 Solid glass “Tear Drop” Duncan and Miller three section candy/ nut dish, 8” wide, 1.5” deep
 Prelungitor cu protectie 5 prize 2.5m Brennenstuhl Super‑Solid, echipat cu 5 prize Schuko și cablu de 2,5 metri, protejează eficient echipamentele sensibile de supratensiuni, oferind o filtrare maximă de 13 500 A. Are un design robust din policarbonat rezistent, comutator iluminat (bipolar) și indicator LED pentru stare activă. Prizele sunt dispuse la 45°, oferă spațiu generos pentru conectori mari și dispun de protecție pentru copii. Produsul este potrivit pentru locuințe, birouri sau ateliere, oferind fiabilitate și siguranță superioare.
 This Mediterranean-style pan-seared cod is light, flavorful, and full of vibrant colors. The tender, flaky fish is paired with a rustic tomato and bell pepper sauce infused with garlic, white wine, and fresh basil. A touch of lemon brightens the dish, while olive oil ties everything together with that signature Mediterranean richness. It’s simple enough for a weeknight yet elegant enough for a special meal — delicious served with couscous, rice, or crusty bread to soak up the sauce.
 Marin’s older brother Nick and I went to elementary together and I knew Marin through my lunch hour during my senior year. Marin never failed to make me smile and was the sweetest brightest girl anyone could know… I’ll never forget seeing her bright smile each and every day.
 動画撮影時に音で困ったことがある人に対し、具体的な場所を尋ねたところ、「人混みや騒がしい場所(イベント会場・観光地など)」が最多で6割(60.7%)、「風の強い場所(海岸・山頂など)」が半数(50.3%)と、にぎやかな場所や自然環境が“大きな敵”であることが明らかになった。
==
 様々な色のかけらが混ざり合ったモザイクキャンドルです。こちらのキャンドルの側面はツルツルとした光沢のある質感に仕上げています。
* * *
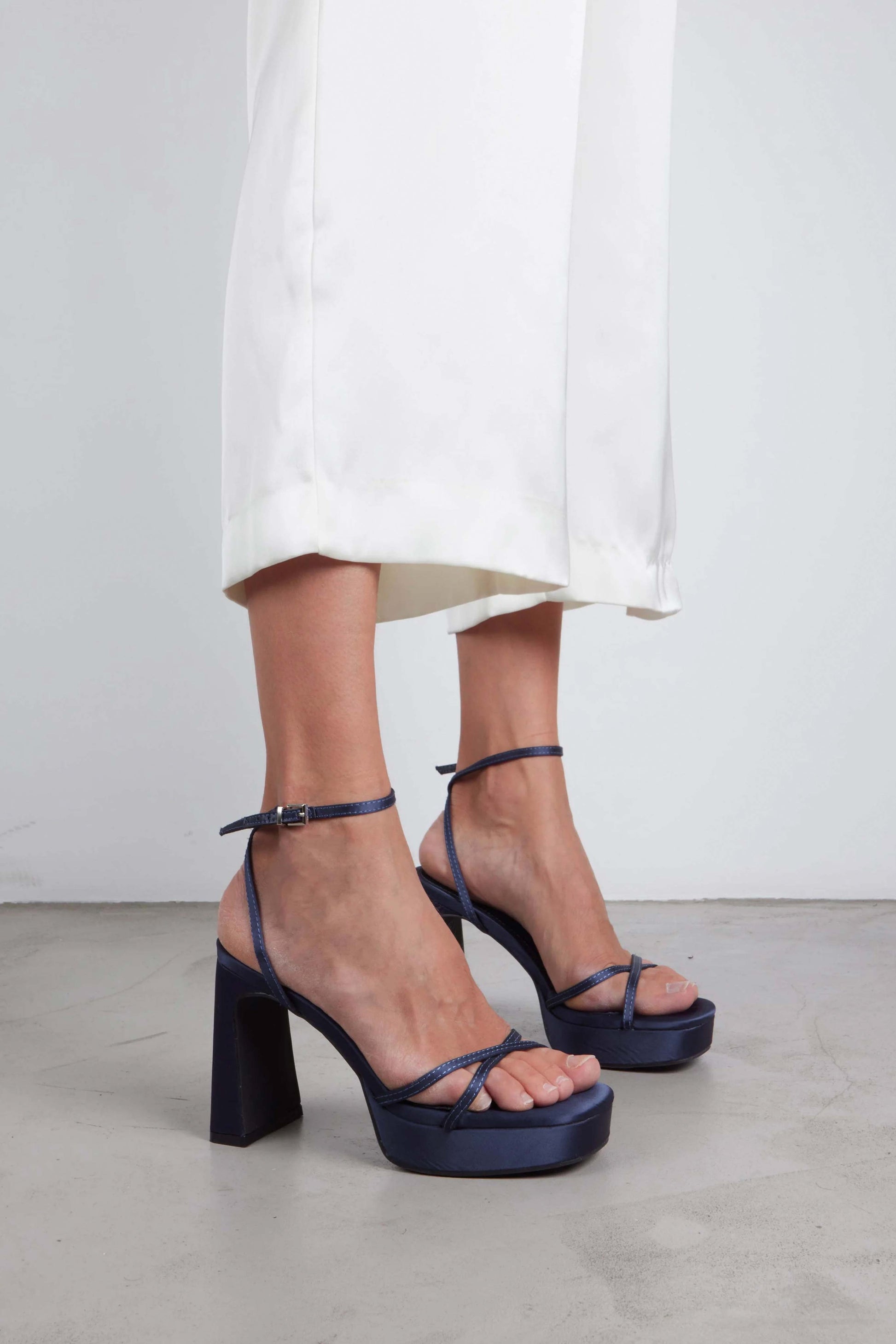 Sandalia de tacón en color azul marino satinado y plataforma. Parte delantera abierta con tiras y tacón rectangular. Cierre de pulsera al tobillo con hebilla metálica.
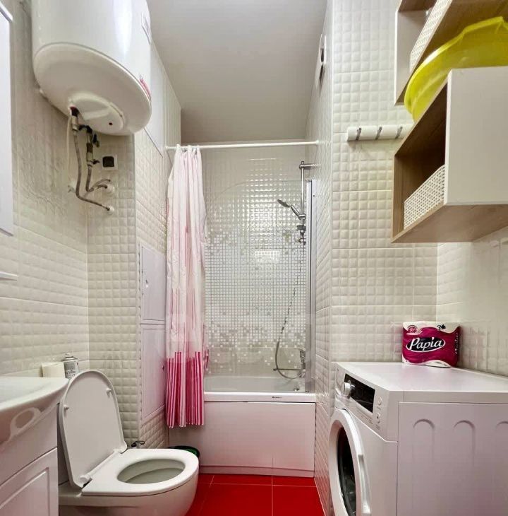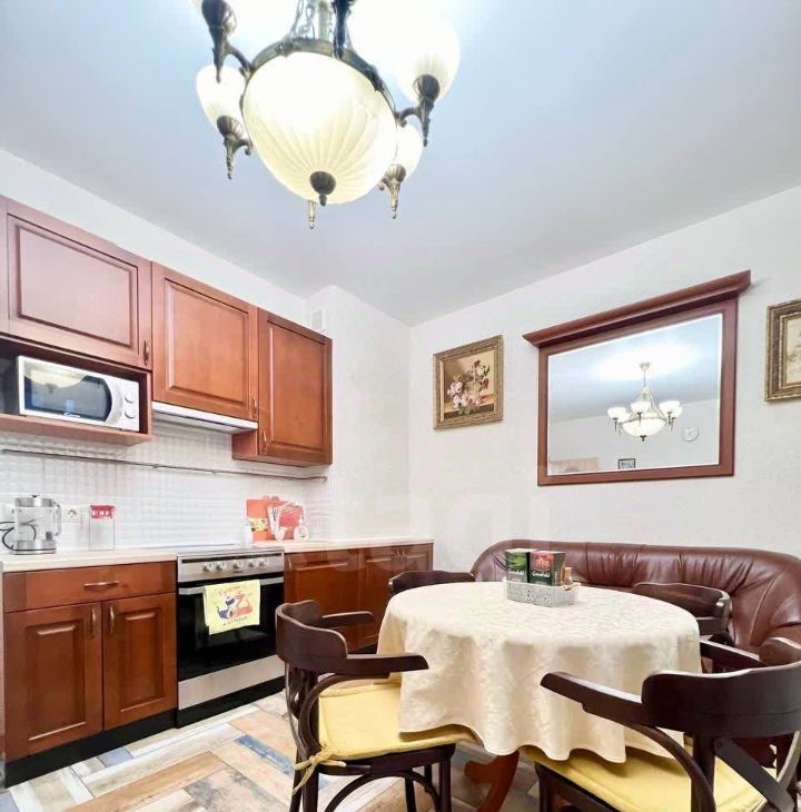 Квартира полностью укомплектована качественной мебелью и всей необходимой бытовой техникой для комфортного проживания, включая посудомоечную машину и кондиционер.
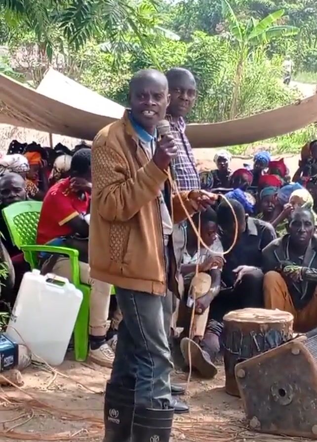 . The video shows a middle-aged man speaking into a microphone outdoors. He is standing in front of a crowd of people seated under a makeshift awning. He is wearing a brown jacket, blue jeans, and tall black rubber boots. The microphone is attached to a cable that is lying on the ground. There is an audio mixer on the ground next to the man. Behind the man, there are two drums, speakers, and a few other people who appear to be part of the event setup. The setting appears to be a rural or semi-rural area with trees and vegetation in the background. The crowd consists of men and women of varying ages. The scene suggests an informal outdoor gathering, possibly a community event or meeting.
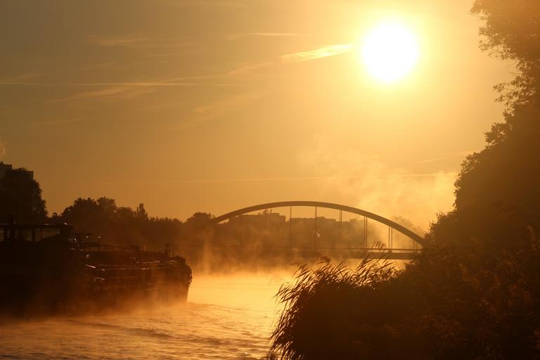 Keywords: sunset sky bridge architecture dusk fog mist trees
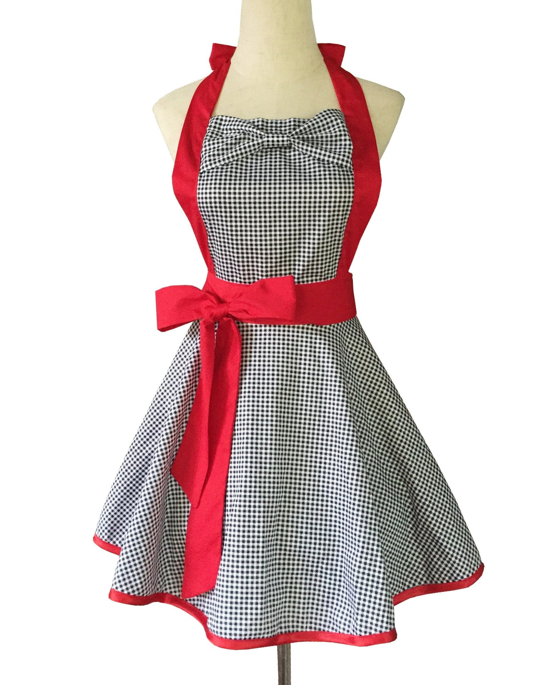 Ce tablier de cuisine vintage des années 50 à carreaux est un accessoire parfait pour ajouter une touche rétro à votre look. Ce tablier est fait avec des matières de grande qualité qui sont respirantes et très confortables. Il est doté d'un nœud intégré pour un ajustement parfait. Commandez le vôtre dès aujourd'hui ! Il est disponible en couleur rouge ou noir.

◆ **WHAT IS NEEDED**
Could you return exactly the stretch of the data above that starts at the line with "Duncan and Miller" and ends at the line with "Prelungitor cu protectie", both lines included?

◆ **SOLUTION TO THIS PROBLEM**
 Solid glass “Tear Drop” Duncan and Miller three section candy/ nut dish, 8” wide, 1.5” deep
 Prelungitor cu protectie 5 prize 2.5m Brennenstuhl Super‑Solid, echipat cu 5 prize Schuko și cablu de 2,5 metri, protejează eficient echipamentele sensibile de supratensiuni, oferind o filtrare maximă de 13 500 A. Are un design robust din policarbonat rezistent, comutator iluminat (bipolar) și indicator LED pentru stare activă. Prizele sunt dispuse la 45°, oferă spațiu generos pentru conectori mari și dispun de protecție pentru copii. Produsul este potrivit pentru locuințe, birouri sau ateliere, oferind fiabilitate și siguranță superioare.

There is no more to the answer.